The 5.677 trillion yen third supplementary budget for fiscal 1998 was submitted Friday to the extraordinary Diet session, and Finance Minister Kiichi Miyazawa called for a swift passage in his policy speech.
Speaking before the House of Representatives plenary sitting, Miyazawa stressed the importance of the latest economic stimulus package, worth 24 trillion yen, to pulling the nation’s economy out of recession. The extra budget, expected to clear the Diet later this month, will partly finance the record stimulus package.
Miyazawa explained that the package, which includes measures to ease the credit crunch, will boost domestic demand with public works and help economically battered Asian countries.

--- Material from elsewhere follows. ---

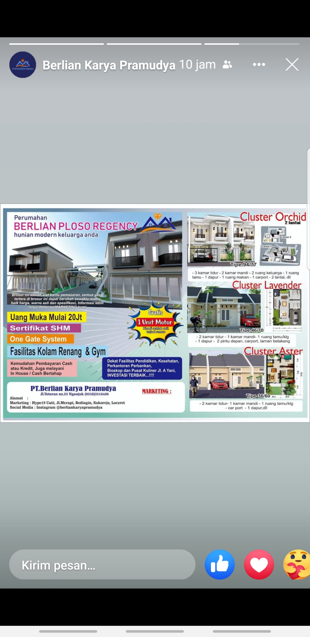 Perumahan dengan konsep healthy living tersedia kolam renang untuk warga Perumahan, one gate system, CCTV, dengan 3 tipe rumah :

He confirmed that personal income tax cuts will total some 4 trillion yen next year and include lowering the maximum rate from 65 percent to 50 percent. The effective corporate tax rate will meanwhile be reduced from 46 percent to about 40 percent, from the business year beginning in April, he said.
The government will submit bills for these tax reductions to the ordinary Diet session that starts in January, he added. The finance minister also touched on the bill to freeze the belt-tightening Fiscal Structural Reform Law “for the time being” so the government can use the most resources toward an economic recovery.
The extra budget would be completely funded by issuing government bonds worth 12.33 trillion yen, officials said.
A major portion of revenues from the bond flotation would go to cover the country’s tax revenue shortfall for the current fiscal year, worth 6.88 trillion yen, they said.
The issuing of government bonds, including 7.81 trillion yen in deficit-financing bonds, would bring the total of such bonds to be issued in fiscal 1998 to 34 trillion yen.
This would bring total outstanding government bonds to some 297 trillion yen at the end of the fiscal year through next March 31.
The fresh bond flotation would also bring to 38.6 percent the ratio of government bonds to overall general-account revenues used to fund the general-account budget for the current year, the highest ever.